Hi, I am Miles, and I am building a Pipe Robot for my main project at Bluestamp, a STEM summer camp program in NYC. This robot consists of an Arduino nano connected to two motors which are placed inside a PVC pipe. I will try to control the robot through Bluetooth.

Engineer

Miles K.

Area of Interest

Computer Science Engineering

School

Ramaz

Grade

Incoming Junior

Reflection

Before I came to BlueStamp, I had no knowledge of engineering. Only a little coding. BlueStamp taught me to do everything on my own without asking for plenty of help. Over the summer, I learned a lot about code and how it is very confusing sometimes. Engineering is a great field for me because I like fixing things with my hands and mind. I took this opportunity to realize that in the future, I want to pursue computer science engineering or cybersecurity.

Final Milestone

After achieving my third milestone, I added more to my routine and a button to start my robot. I added right and left turns to my little demo routine. After pressing the button that I created, it restarts the code that I programmed onto the Arduino Nano. For this button work, I used an interrupt. An interrupt is a signal to the processor emitted by hardware or software indicating an event that needs immediate attention. The button that I inserted is a hardware interrupt for the robot to start the routine again. Look at the diagram above for the circuit schematic of the interrupt. An interrupt alerts the processor to a high-priority condition requiring the interruption of the current code the processor is executing. Through this main project, I learned a lot about coding and figuring things out on my own. What is next is to try making the Pipe Robot compatible with either Bluetooth or WIFI.

Routine Code

This is the code for the whole routine that I created:

Code for interrupt:

pinMode(2, INPUT);
pinMode(3, OUTPUT);
digitalWrite(3, HIGH);
attachInterrupt(digitalPinToInterrupt(2), rst, FALLING); // the pressing of the button completes the circuit

Code for the reset, to start the routine that I programmed again:

void rst(){
Serial.println(“reset”);
onoff = !onoff;
Serial.println(onoff);
}

Code for the motors to move forward:

void foward(){
digitalWrite(in1, LOW);
digitalWrite(in2, HIGH);
digitalWrite(in3, LOW);
digitalWrite(in4, HIGH);
}

Code for the motors to move backward:

void backward(){
digitalWrite(in1, HIGH);
digitalWrite(in2, LOW);
digitalWrite(in3, HIGH);
digitalWrite(in4, LOW);
}

Code for motors to turn right:

void turn_right(){
digitalWrite(in1, LOW);
digitalWrite(in2, HIGH);
digitalWrite(in3, HIGH);
digitalWrite(in4, LOW);
}

Code for motors to turn left:

void turn_left(){
digitalWrite(in1, HIGH);
digitalWrite(in2, LOW);
digitalWrite(in3, LOW);
digitalWrite(in4, HIGH);
}

Code for motors to suddenly stop:

void brake(){
digitalWrite(in1, LOW);
digitalWrite(in2, LOW);
digitalWrite(in3, LOW);
digitalWrite(in4, LOW);
}

The code below programs a loop for the motors.

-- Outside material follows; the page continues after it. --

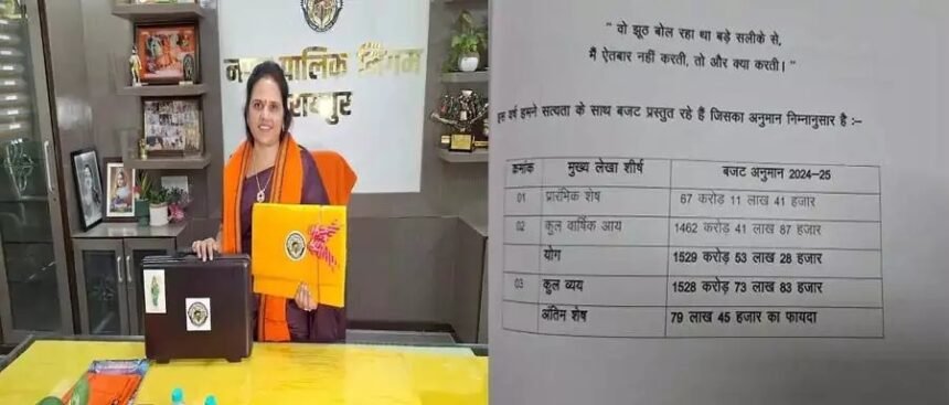 रायपुर : रायपुर नगर निगम में मेयर मीनल चौबे ने 1529 करोड़ 53 लाख 28 हजार रुपए का बजट पेश कर दिया है। महापौर ने इसे फायदे का बजट बताया है जिसमें सभी वर्ग का ध्यान रखा गया है। इससे पहले मेयर मीनल चौबे पीले रंग की मखमली फाइल में बजट लेकर निगम कार्यालय पहुंची थीं। फाइल में एक तरफ निगम का लोगो तो दूसरी तरफ छत्तीसगढ़ महतारी की तस्वीर छपी है।

For the code that I created, the robot is able to move in each direction:
void loop()
{ while(onoff){
foward();
delay(10000);
backward();
delay(5000);
turn_left();
delay(7000);
turn_right();
delay(8000);
brake();
delay(5000);
onoff = false;}
//demoTwo();
//delay(1000);
Serial.println(“Wheels are turning”);
}

Bill Of Materials for Pipe Robot

Third Milestone

For my third milestone, I fully constructed made robot made out of PVC pipe and programmed a little demo routine. The robot moves forward and backward according to the way I programmed the Arduino Nano. The code below programs the DC motors to move forward. This code controls which way the motors should move.

Code

The code below programs the DC motors to move forward. These codes control which way the motors should move.

void foward(){
 digitalWrite(in1, LOW);
 digitalWrite(in2, HIGH);
 digitalWrite(in3, LOW);
 digitalWrite(in4, HIGH);
}

The code below programs the DC motors to move backward.


void backward(){
 digitalWrite(in1, HIGH);
 digitalWrite(in2, LOW);
 digitalWrite(in3, HIGH);
 digitalWrite(in4, LOW);
}

The code below programs a loop for the DC motors, to allow the code that I created for backward and forward to keep spinning.


void loop()
{ while(onoff){
 foward();
 delay(10000);
 backward();
 delay(5000);
}

The robot consists of an Arduino Nano, which is a microcontroller, and a motor shield, which controls the speed and direction of both DC motors. I used a portable ANKER charger to both power the Nano and the motor shield. I also used a hacksaw to evenly cut the PVC pipe to fit all of the components that I used into the pipe. I drilled four  holes on both ends of the pipe to screw in the motors so they would not fall off when moving. Over this summer, I overcame many difficulties that I had including the motors not working. I figured out that the screws were too tight which did not allow the motors to move. Once I realized, I loosened the screw and the DC motors were working the way I wanted it. Through building this robot, I learned more about programming on my own rather than someone helping me. What’s next for this project is to build a button that would start a routine with twists and turns.

Second Milestone

Wheels of the Pipe Robot

Pipe Robot Full Body

For my second milestone, I placed all the components in the pipe robot and connected the motor shield to the Arduino. The motor shield is used for extra functionality like controlling the directions and has an H-bridge. First, I got the wheels on the motors. I drilled 4 holes into the caps of the robot, and then screwed in the motors so that they can stay in placed while the pipe robot is moving. Then, I put all of the components into the robot. The components are the motor shield, Arduino, and motors. My biggest challenge was to get the power through the motor shield on the Arduino without using my computer. I will eventually connect a power supplier to power the Arduino. I first tried changing the wires to see if it was a connection issue, but it was not. Then I used the multimeter to see if there was enough power. I turned the multimeter to measure the voltage of the motor shield. I put the black wire onto ground and the red wire onto 5V, but there was enough voltage being supplied. But it was still not working. Then I thought about switching the motors between each side of the motor shield to see if the shield was not working, but that was not the problem. I thought that if I switched the motors between each side, it would be the motor’s fault. I finally found out that the motor shield was not connected to a common ground on the Arduino. All components in a circuit must have a common ground because of the voltage difference. I used the same circuit from my first milestone. Refer to my first milestone section for a full schematic. The power supply, with an outlet, was also not giving the Arduino enough voltage to move both motors. I used a power supply box to give the robot enough power to move both motors.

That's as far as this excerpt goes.